> **The data**:
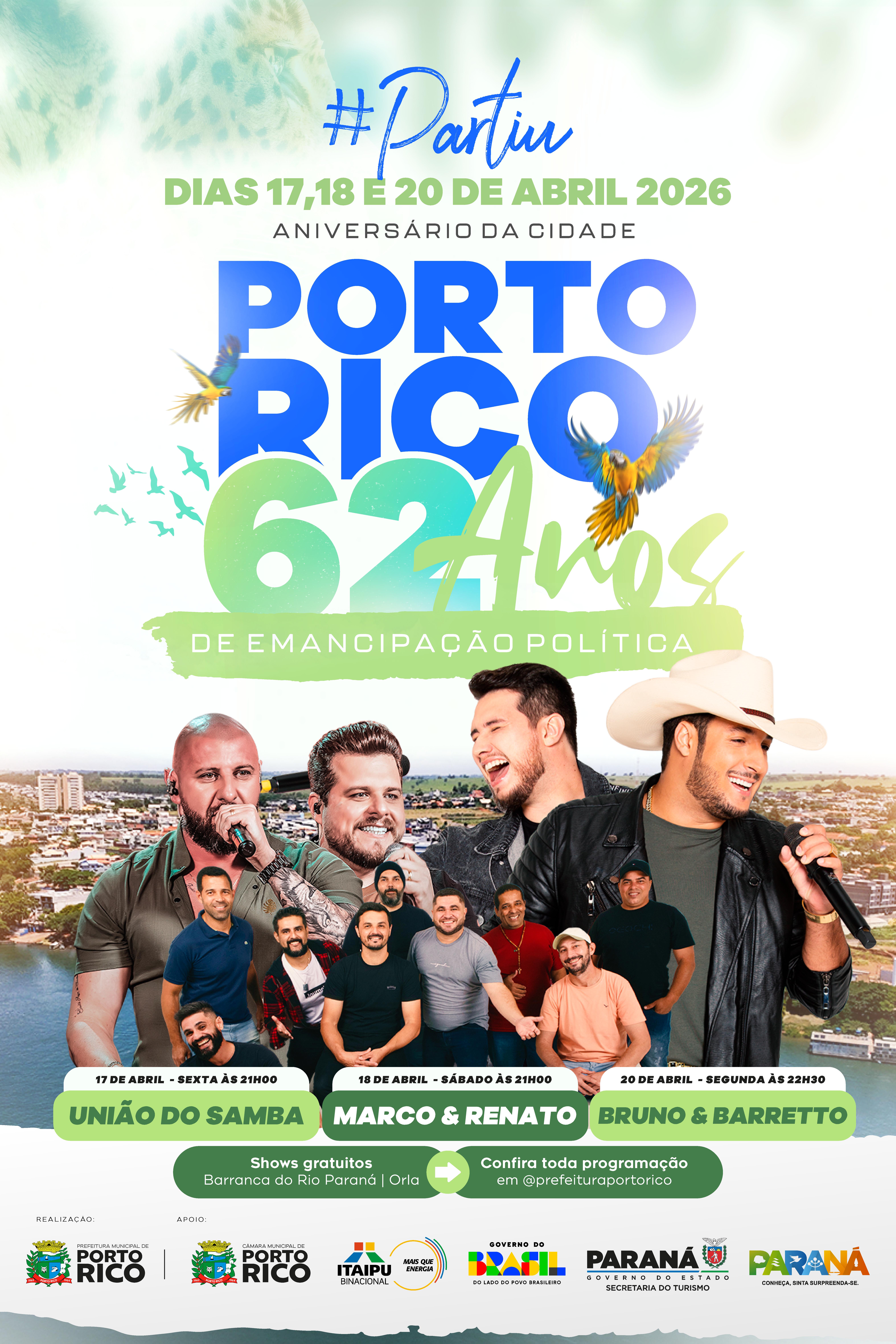Para o prefeito, o momento é também de acolhimento e valorização do potencial turístico do município. “Serão dias de shows e muita diversão. Todos são muito bem-vindos, moradores, visitantes e turistas. Venham com toda a família celebrar conosco os 62 anos de Porto Rico”, convidou.
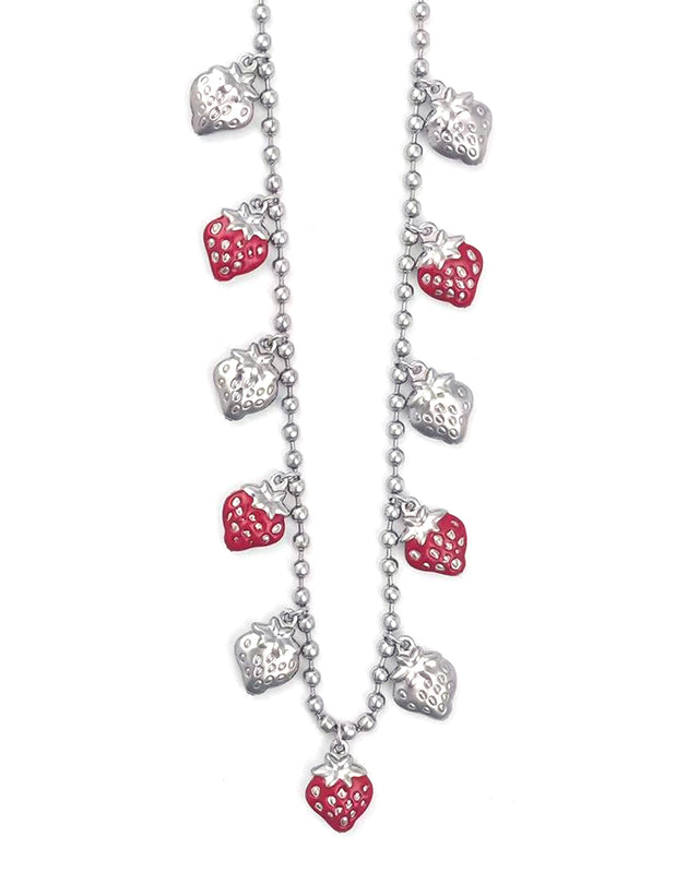 Κρεμαστό λαιμού με διακοσμητικές φραουλες WW-K537 - Ασημί
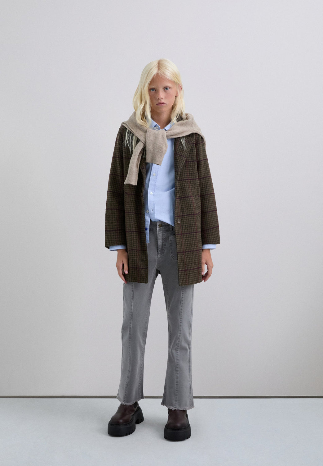 Checked cloth coat. Lapel collar. Button fastening. Long sleeves. Jetted flap pockets.
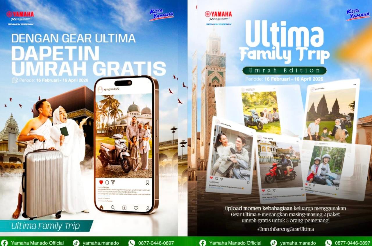 MANADO,Narasindo.com- Momentum Ramadan dimanfaatkan Yamaha Indonesia untuk menghadirkan program spesial yang sarat makna kebersamaan. Melalui program “Ultima Family Trip”, Yamaha mengajak masyarakat berbagi cerita kebahagiaan bersama keluarga dengan sepeda motor GEAR ULTIMA, sekaligus berkesempatan meraih hadiah utama berupa paket umroh gratis.
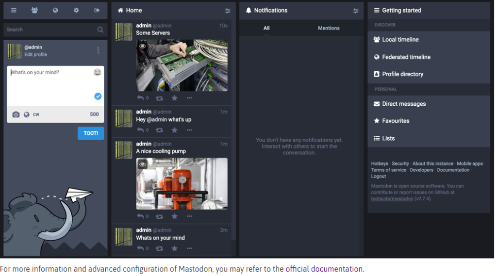 Mastodon is an open-source, self-hosted, social media and social networking service. It allows the hosting of your own instances which may have their own code of conduct, terms of service and moderation policies. There is no central server and Mastodon instances are connected as a federated social network, allowing users from different instances to interact with each other. The platform provides privacy features allowing users to adjust the privacy settings of each of their posts.

> **Directions for this task**:
Exact repeats of the lines from the first one in the data through the line containing "MANADO,Narasindo.com- Momentum Ramadan" make up the answer. Pictures do not.

> **The answer**:
Para o prefeito, o momento é também de acolhimento e valorização do potencial turístico do município. “Serão dias de shows e muita diversão. Todos são muito bem-vindos, moradores, visitantes e turistas. Venham com toda a família celebrar conosco os 62 anos de Porto Rico”, convidou.
 Κρεμαστό λαιμού με διακοσμητικές φραουλες WW-K537 - Ασημί
 Checked cloth coat. Lapel collar. Button fastening. Long sleeves. Jetted flap pockets.
 MANADO,Narasindo.com- Momentum Ramadan dimanfaatkan Yamaha Indonesia untuk menghadirkan program spesial yang sarat makna kebersamaan. Melalui program “Ultima Family Trip”, Yamaha mengajak masyarakat berbagi cerita kebahagiaan bersama keluarga dengan sepeda motor GEAR ULTIMA, sekaligus berkesempatan meraih hadiah utama berupa paket umroh gratis.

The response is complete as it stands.